Кот, со снисходительностью высшего существа, взирающего на людскую суету, благодушно урчал. Рассчитывая, что, пока Китц терпит поцелуи и объятия, я успею собрать барахло и смыться, торопливо прошел наверх. Конечно, лучше бы уезжать с набитым желудком, но как-нибудь перетерплю. Пустое брюхо привычней, чем сцена расставания. Слезы, сопли, причитания… Фу!
Однако, открыв дверь, понял, что просчитался, — в комнате, на аккуратно застеленной кровати сидела заплаканная, но внешне спокойная Ута. Как всегда, женская интуиция оказалась сильнее мужских расчетов.
— За вещами? — равнодушно спросила она. Слишком равнодушно.
— Мне пора, — присел я рядом с Утой, взял ее за руку и продекламировал чьи-то стихи: — Конь под седлом, его труба зовет, драбанты покидают город сонный!
— Куда поедешь? — поинтересовалась женщина, проглатывая слезы и делая вялую попытку освободиться.
— Куда глаза глядят, — отозвался я, раздумывая — удастся ли уйти без скандала? Пожалуй, без скандала удастся, но без лишних слез — нет…
Ута положила вторую руку поверх моей, погладила шрамы и ссадины, спросила:
— А почему на ночь глядя? Осень, дождь…
— Какая разница? В случае чего заночую в стогу или в лесу. Мне не привыкать.
— Я не могу тебя отпустить, пока не накормлю ужином, — твердо сказала Ута, смахивая слезинку. — Все готово. Да и твой конь должен поесть.
Услышав про ужин, мой желудок предательски заурчал. Да и гнедой, верно, меня не поймет, если я заставлю его оторваться от еды. Ута встала, вышла из комнаты.
— Эльза! Гертруда! Китц никуда не денется! Несите ужин нашему постояльцу! — донесся до меня громкий и строгий голос хозяйки гостиницы, а недовольное мявканье «хозяина дома» подсказало, что сестры кинулись выполнять распоряжение, оставив «масенького заиньку».

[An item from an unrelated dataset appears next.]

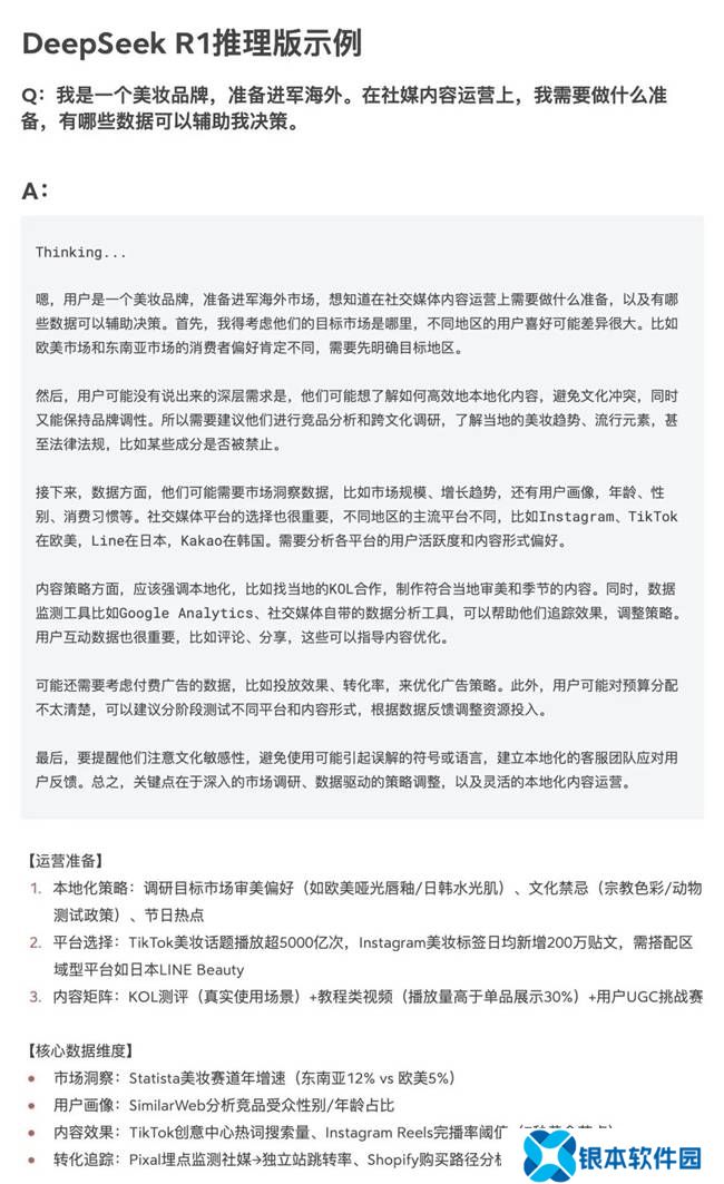 以美妆品牌进军海外的营销场景为例,当用户输入询问如何在社交媒体内容运营上做好准备,以及哪些数据可以辅助决策时,DeepSeek模型迅速给出了详尽的解答。这不仅展示了模型在复杂问题处理上的能力,也体现了其在行业应用中的实用性。
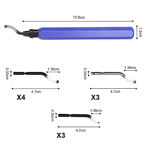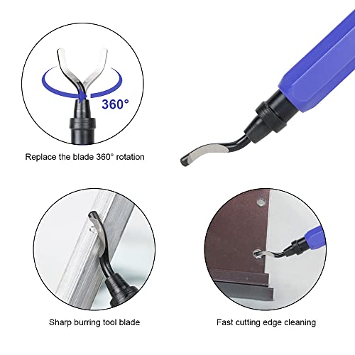 【ENTGRATWERKZEUGSATZ】: Mit Präzisions-Aluminiumgriff und 11 (5+3+3)Entgratklingen, HSS-Klingen 360° drehbare 40-Grad-Schrägklinge ist ideal zum Schneiden von runden Lochkanten, tiefen Löchern, geraden Kanten, gekrümmten Kanten, Rillen.

«Однако… — хмыкнул я про себя, несколько обескураженно. — Постоялец… Не Артакс. И даже — не господин Артакс!»
Ута между тем распекала сестер:
— Н-ну, что вы там возитесь? Долго вы еще? Господин постоялец не любит ждать!
«Вот ведь какой противный голос бывает у хорошенькой женщины, если она сердится, — вздохнул я. — Ну уезжаю, а что такого? — хмыкнул я и ехидно поправил сам себя: — Постоялец не уезжает, а съезжает!»
Через несколько минут появился ужин. Особых изысков не было — все-таки осаду сняли недавно, и городской рынок еще не успел наполниться продуктами, но гороховая каша и копченые ребрышки наличествовали. И, разумеется, большая кружка с моим любимым квасом и оладьи.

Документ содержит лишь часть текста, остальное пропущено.